Foretold as Bell’s aggressive (and perhaps self-cannibalizing) move from the CRTC-regulated world of cable TV, to the unregulated world of “over the top” Internet streaming, Alt TV turns out to be a regulated television service after all.
Alt TV will find its way into households on Bell’s Internet-Protocol TV (IPTV) fiber distribution system, the same system that already delivers media-laden data bytes for Fibe TV. Alt-TV uses a self-installed video streaming device, not a PVR, and it can’t record programs.
And Alt TV is a little cheaper than its big sister Fibe TV.
What’s important for viewers of Canadian content and local news is that Alt TV is still a traditional “broadcasting distribution unit (BDU),” the CRTC terminology for cable TV.
So like Fibe TV, little sister Alt TV will be obliged by the CRTC to contribute five per cent of its revenues to Canadian content in film production, community TV, and local news. That’s big money: according to the CRTC’s last published data (2015), Canada’s cable companies annually contributed $285M to film production and $152M to community TV.
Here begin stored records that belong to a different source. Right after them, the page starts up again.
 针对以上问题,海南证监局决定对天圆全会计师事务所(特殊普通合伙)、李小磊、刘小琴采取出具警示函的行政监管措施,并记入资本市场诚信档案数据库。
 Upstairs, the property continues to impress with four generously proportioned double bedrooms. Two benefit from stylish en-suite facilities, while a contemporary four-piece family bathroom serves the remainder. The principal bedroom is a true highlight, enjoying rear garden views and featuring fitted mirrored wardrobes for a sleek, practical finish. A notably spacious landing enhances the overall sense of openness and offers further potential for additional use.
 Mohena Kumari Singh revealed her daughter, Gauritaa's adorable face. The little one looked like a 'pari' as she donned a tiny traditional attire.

For those wondering why Bell didn’t just keep the five per cent levy for itself and go to an “over the top” product to which anyone with an Internet connection could subscribe, you have to understand the advantages that Bell reaps by keeping Alt TV within the traditional system.
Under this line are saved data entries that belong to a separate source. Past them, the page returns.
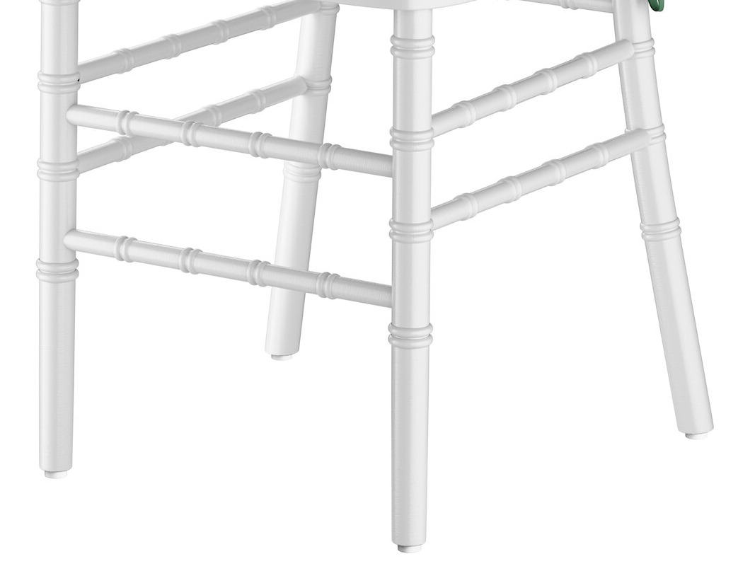 This chair features a true Italian Chiavari design that brings a sense of elegance to any wedding or milestone celebration. Its beautiful white finish also complements any casual or upscale decor.
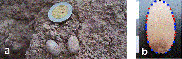 Color images of the specimens were captured using a Kodak EasyShare C195, with the same conditions of fixed focus, camera angle and magnification ratio. The scar marking the exit hole determined the orientation of the specimens; when it was not present, the traces of the scar were used. Two-dimensional (2D) geometric morphometrics (GM) were used to collect shape data. Two landmarks (Type 3, sensuBookstein, 1991) were positioned in the most exterior points of the rounded extremes of the specimens (point numbers 1 and 19), and 34 semilandmarks (point numbers 2 - 17 and 18 - 36) were positioned in the ellipse using a drawing fan generated by MakeFan8 (Sheets, 2010a) (Figure 1b). Two-dimensional coordinates of all the marks were digitized using tpsDig2 (Rohlf, 2013). Coordinates were imported into CoordGen 8 (Sheets, 2014a) to proceed to Procrustes superimposition followed by the semilandmark alignment with SemiLand 8 (Sheets, 2010b). The superimposition and alignment eliminated variation that was not due to form (translation, rotation and scaling). In the alignment, sixteen semilandmarks were used as helper points (4, 6 - 8, 12 - 14, 16, 22, 24 - 26, 30 - 32, and 34). Helper points were excluded from subsequent analysis, resulting in the reduction of the final variables number to two landmarks and 18 semi-landmarks.
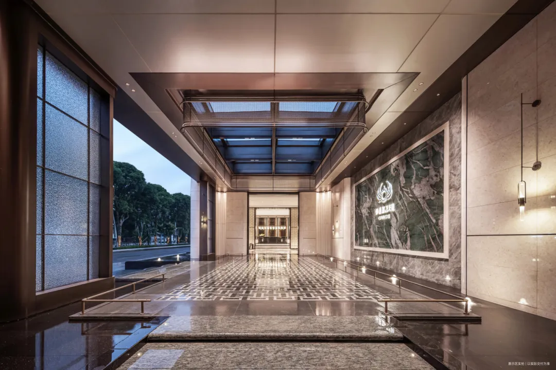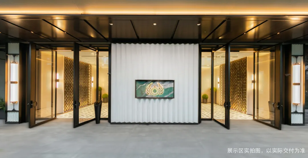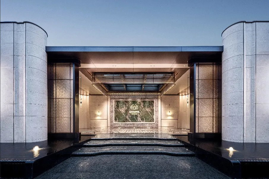 项目在建筑美学上追求简洁的几何体量与卡地亚美学色系的强烈对比,辅以艺术奢华的百达翡翠奢石背景墙,展现出隽永的经典美感。进入艺术酒店式的礼悦门厅,九级雅阶引领视线至流沙棕奢石背景墙,艺术铜板画的融入更添气势与艺术气息。
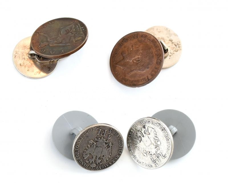 Leírás: Régi brit és osztrák pénzérmékből készített mandzsettagombok (1 Farthing-V. György, 1/4 Florin), 2 pár
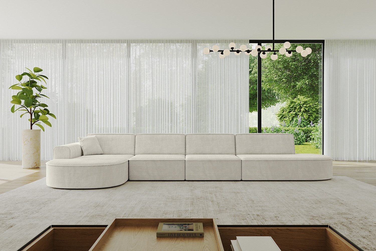 Dieses Ecksofa vereint zeitloses Design mit höchstem Sitzkomfort. Die hochwertige Polsterung sorgt für eine angenehme Unterstützung und lädt zum Entspannen ein. Dank der robusten Konstruktion und sorgfältig ausgewählten Materialien überzeugt das Sofa durch Langlebigkeit und Stabilität. Die harmonische Farbauswahl und das elegante Design fügen sich perfekt in verschiedene Wohnstile ein und setzen stilvolle Akzente im Wohnbereich.
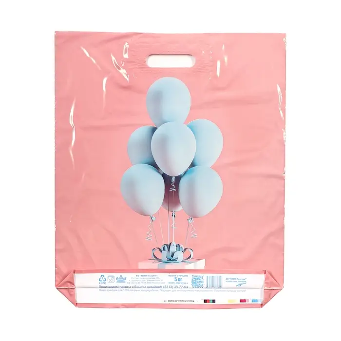 Пакет полиэтиленовый с вырубной ручкой, прочный с оригинальным рисунком.
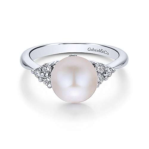 In this polished ring, the spotlight is on the timeless beauty of an iridescent cultured...
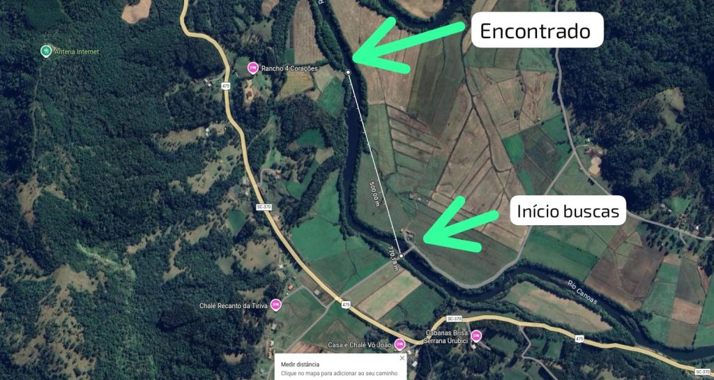Por volta das 10h, a vítima foi encontrada a cerca de 700 metros rio abaixo, na margem esquerda do rio, em decúbito ventral (com o rosto voltado para baixo). O corpo foi retirado com uso de equipamentos e apoio de populares que auxiliaram com um trator.
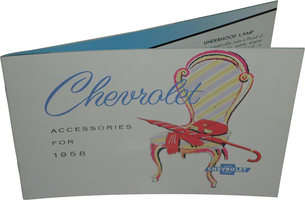Dealer accessory books offer a little pizzazz to your display at the next local car show. This copy of the original dealer accessory book was available at your local Chevy dealer in 1958. It detailed many of the accessories available for your Bel Air, Nomad, Biscayne or Impala so anyone could pick out a great gift for you. Eckler's Late Great Chevy has the best parts at the best price for your 1958 Chevy.
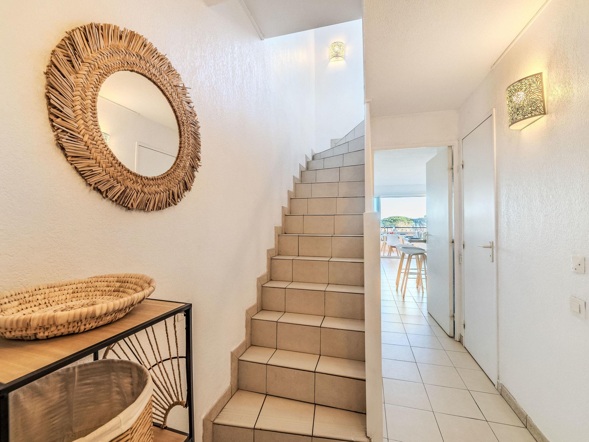 "Les Marines de Gassin 14", 3-room maisonette 45 m2 on 3rd floor. Partly renovated in 2022, cosy furnishings: living/dining room with TV (flat screen). Exit to the terrace. 1 small room with 1 x 2 bunk beds (80 cm, length 190 cm). Kitchenette (mini-oven, dishwasher, 4 ceramic glass hob hotplates, toaster, kettle, electric coffee machine, Capsules for coffee machine (Nespresso) extra). Bathroom, sep. WC. Upper floor: 1 room with 1 french bed (140 cm, length 200 cm). Shower, sep. WC. Electric heating. 2 terraces 16 m2, east facing position. Terrace furniture. Beautiful view of the sea. Facilities: washing machine, iron, hair dryer. Internet (WiFi, extra). Parking space n 294. Please note: non-smokers only. 1 small pet/ dog allowed. Smoke alarm. Offer by a private individual according to Art. 155, IV of CGI. 83065000695JM
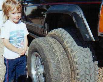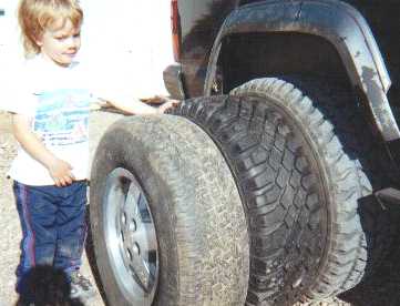 The difference between stock and 33's. And Colton, who had to be in these pictures. :-) |
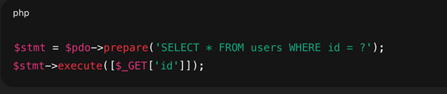 - Parameterised Queries: Use APIs that avoid an interpreter entirely or provide a parameterised interface. This includes using prepared statements (with parameterised queries) for database access. Parameterisation ensures that user input is always treated as data and can never be interpreted as part of the command.

Like Fibe TV, the Alt TV product takes full advantage of the CRTC-regulated system as a BDU. This way, Bell can supplement its own CTV channels on Alt TV with programming from the CBC, Rogers, and Corus that it already purchases for distribution on Fibe TV. Without that programming from other media companies, Alt TV would be a decidedly thinner product.
Alt TV can also exploit the revenue opportunities in simultaneous substitution, meaning it can continue to buy the exclusive Canadian distribution rights for hit American shows, especially big events like the Oscars (and until lately the Super Bowl, but that’s a longer story). The profits from those big shows pad the bottom line, which makes it easier to pay for Canadian content and local news. This would not be possible if Alt TV, like Netflix or Crave TV, was unregulated Internet TV.
With one foot still squarely in the regulated broadcasting system with Fibe TV and Alt TV, Bell is nonetheless firmly planting the other in the Internet.
Alt TV will only be sold to customers who subscribe to Bell’s Internet service with an unlimited data plan.
It sounds like the business plan is to make up the revenue lost by lowering the price for Alt TV as a “Fibe TV lite” by selling the same customers more data. And for good measure, Bell retains television customers.
The challenge for regulated TV is daunting. Cord-cutting is no myth. Based on CRTC data, consumer preference has turned the corner. For the first time in history, in 2015 Canadian cable TV companies began losing customers. Netflix is gaining Canadian subscribers exponentially.
So watch this space.
A year from now, Alt TV could be a brilliant business move that also keeps Bell’s customer base within the regulated system.
Or it could be a bust, and we are staring straight down the slope towards an unregulated Internet broadcasting system in Canada.